══ Available data ══

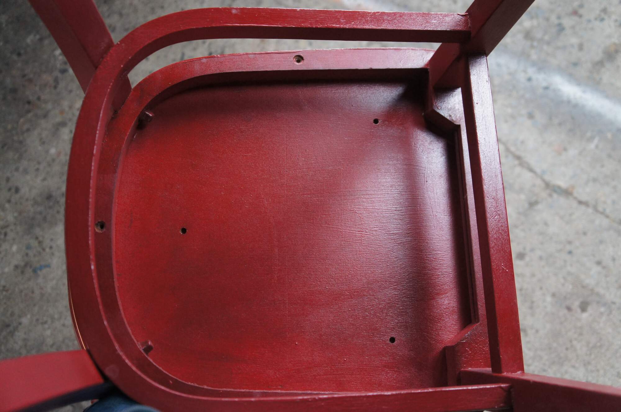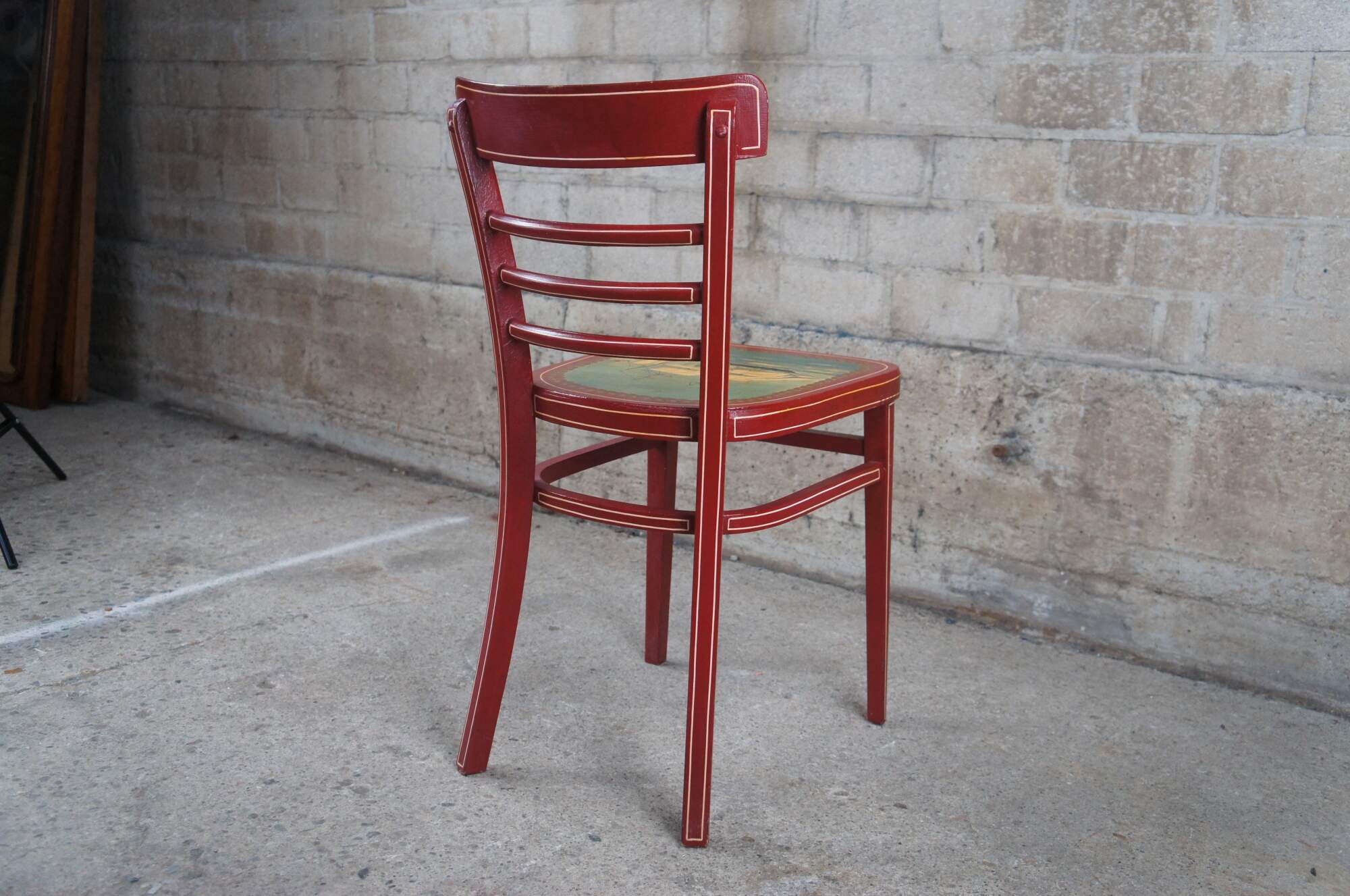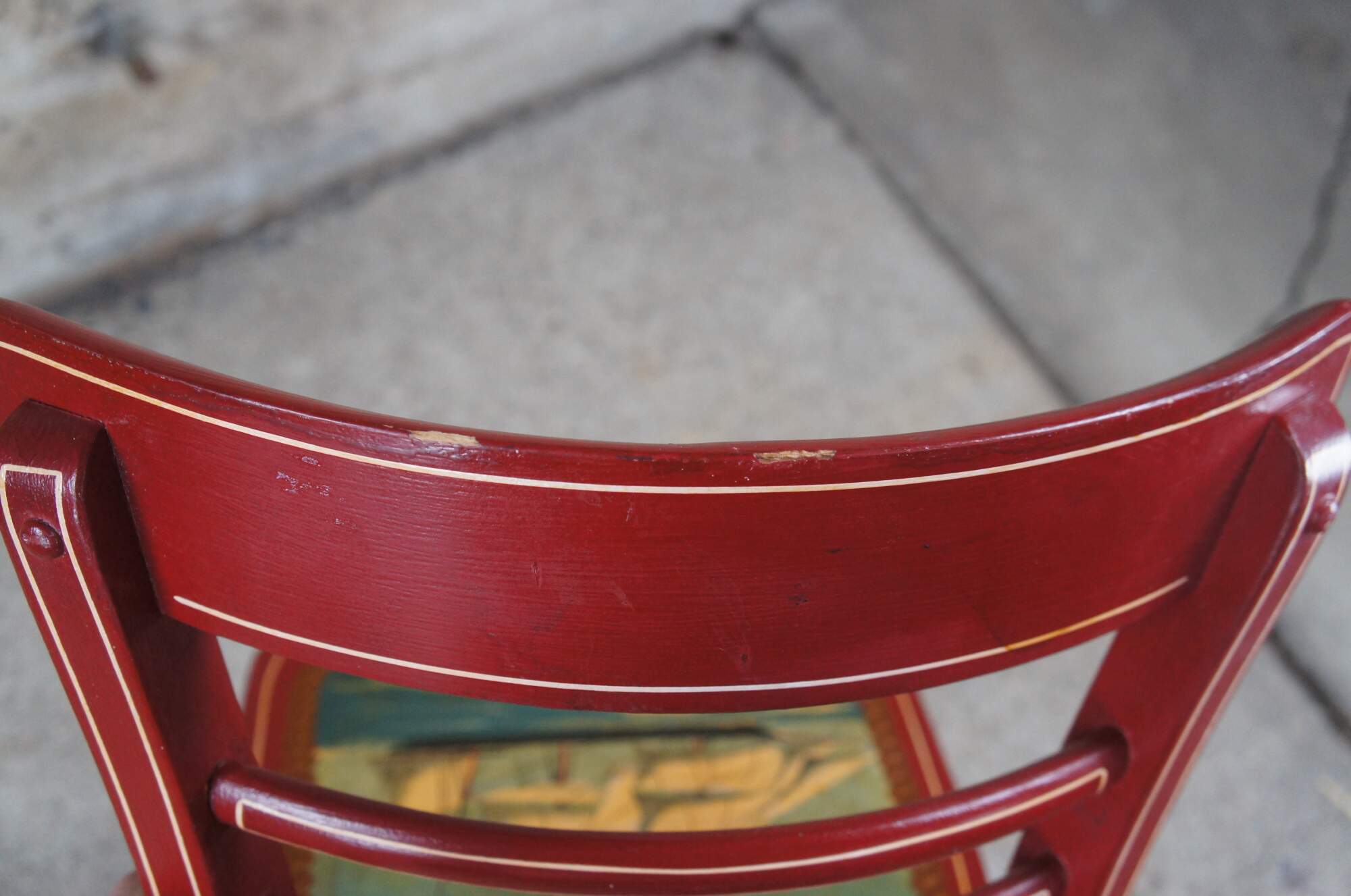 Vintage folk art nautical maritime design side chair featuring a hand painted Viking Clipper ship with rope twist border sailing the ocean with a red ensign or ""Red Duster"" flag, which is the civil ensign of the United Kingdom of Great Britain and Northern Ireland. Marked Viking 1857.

═══
══ Available data ══

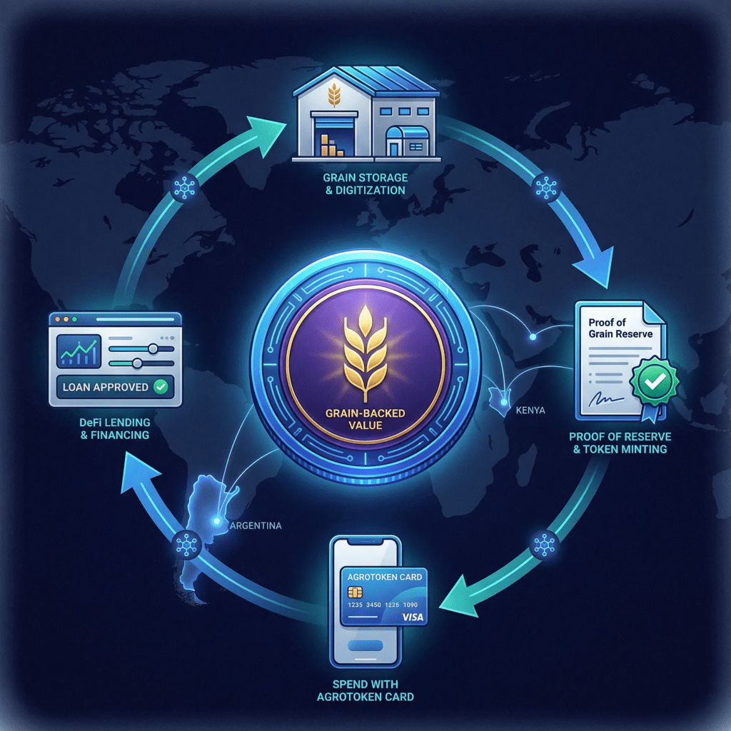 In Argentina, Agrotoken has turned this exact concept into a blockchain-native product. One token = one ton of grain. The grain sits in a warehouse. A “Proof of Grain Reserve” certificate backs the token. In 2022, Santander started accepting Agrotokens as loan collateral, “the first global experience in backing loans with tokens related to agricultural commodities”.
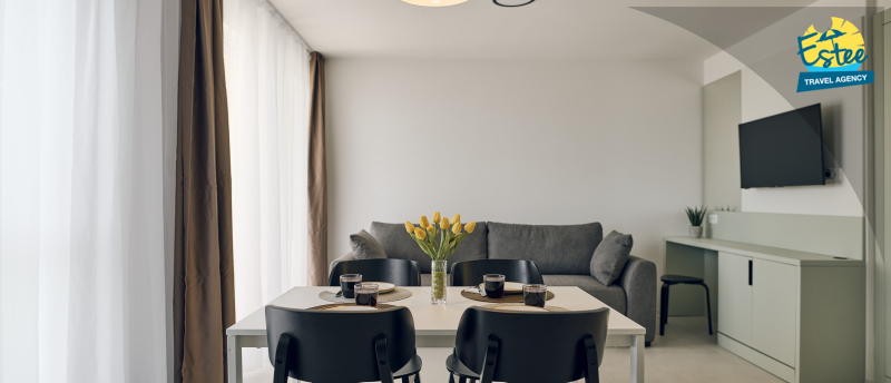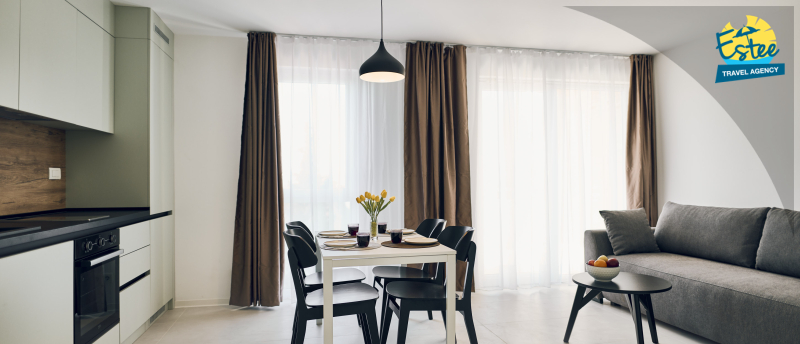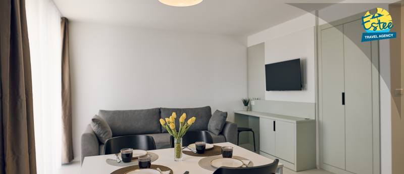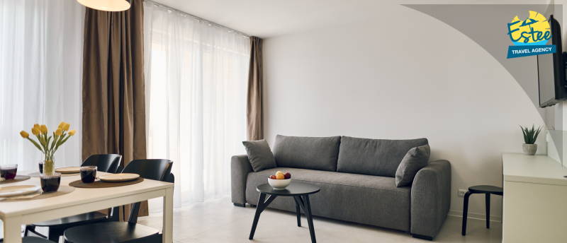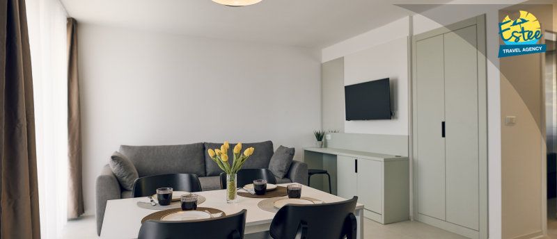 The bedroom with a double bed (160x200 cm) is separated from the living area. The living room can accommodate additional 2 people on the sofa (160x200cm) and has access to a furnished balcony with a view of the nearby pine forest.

═══

• [Exercise requirements]
Would you give again, exactly, the lines in the data above that run from the line containing "In Argentina, Agrotoken" to the line containing "The bedroom with"? Include both ends and no pictures.

• [Output for this exercise]
 In Argentina, Agrotoken has turned this exact concept into a blockchain-native product. One token = one ton of grain. The grain sits in a warehouse. A “Proof of Grain Reserve” certificate backs the token. In 2022, Santander started accepting Agrotokens as loan collateral, “the first global experience in backing loans with tokens related to agricultural commodities”.
 The bedroom with a double bed (160x200 cm) is separated from the living area. The living room can accommodate additional 2 people on the sofa (160x200cm) and has access to a furnished balcony with a view of the nearby pine forest.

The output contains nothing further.